Estimated total profiling overhead: 0.08 seconds



Thus, the ratio between the iteration mechanics and the EVAL-SEGMENT
call is:

* (/ (- (* 5 .0052) .01419)
     (- 0.01419 .0052))
1.3136821
*

Is this overhead unavoidable?

Thanks for any ideas!

Lyle

From: Simon Leinen
Subject: Re: ? on efficient iteration over structures
Date: 
Message-ID: <SIMON.94Oct13123801@ligsg6.epfl.ch>
Your comparison is somewhat unfair in that the non-iterating version
evals the same segment five times.  It is very likely that all data
necessary for the computation fit in the (primary data) cache, so the
second to fifth iterations might be much faster than the first.  If I
understand correctly, the iteration tests were done on "real" data,
where there are actually 1000 distinct segments with their attached
data structures.  These certainly won't fit in the primary cache on
the SPARC.

To test whether the difference is due to overhead of the iteration
constructs rather than from caching effects, you should fill all slots
in the data structures with the same segment and try again.

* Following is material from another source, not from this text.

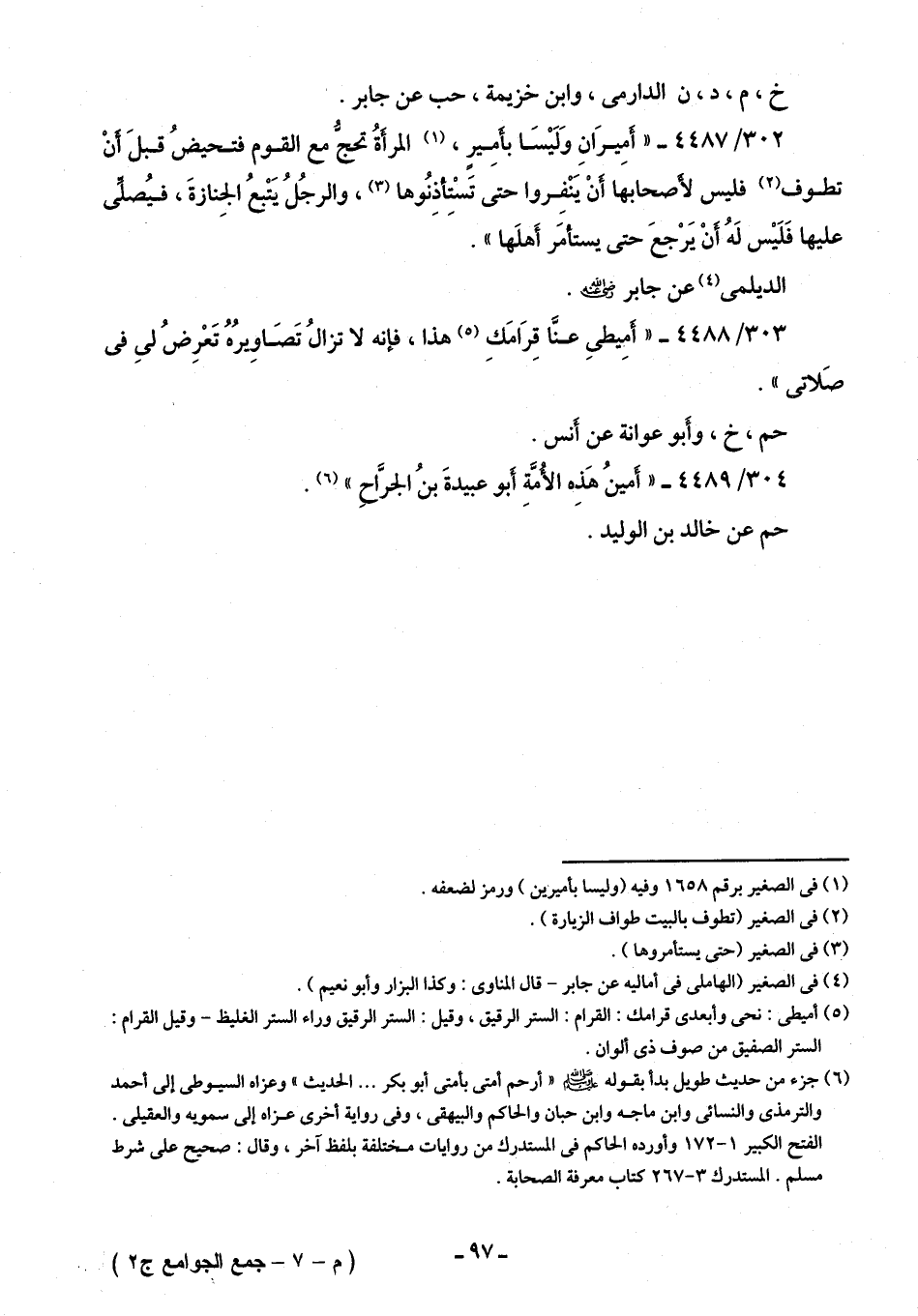 302/ 4487 - "أَمِيرَانِ وَلَيسَا بأَمِيرٍ، (¬1) المرأَةُ تحجُّ مع القوم فتحيضُ قبلَ أَنْ تطوف (¬2) فليس لأَصحابها أَنْ يَنْفِروا حتى تَسْتأذِنُوها (¬3)، والرجُلُ يَتْبعُ الجِنازةَ، فيُصلِّي عليها فَلَيس لَهُ أَنْ يَرْجعَ حتى يستأمَر أَهلَها".

If it turns out that the performance loss is because of caching, you
should try to improve the locality of the data you are actually using.
For example, you could make a copy of the "important" (i.e. used in
the time-critical part) slots of your segments and nodes and store
them in vectors of smaller structs or simply vectors of numbers.
-- 
Simon.
From: Barry Margolin
Subject: Re: ? on efficient iteration over structures
Date: 
Message-ID: <37k2el$5q@tools.near.net>
In article <···················@ligsg6.epfl.ch> ·····@lig.di.epfl.ch (Simon Leinen) writes:
>To test whether the difference is due to overhead of the iteration
>constructs rather than from caching effects, you should fill all slots
>in the data structures with the same segment and try again.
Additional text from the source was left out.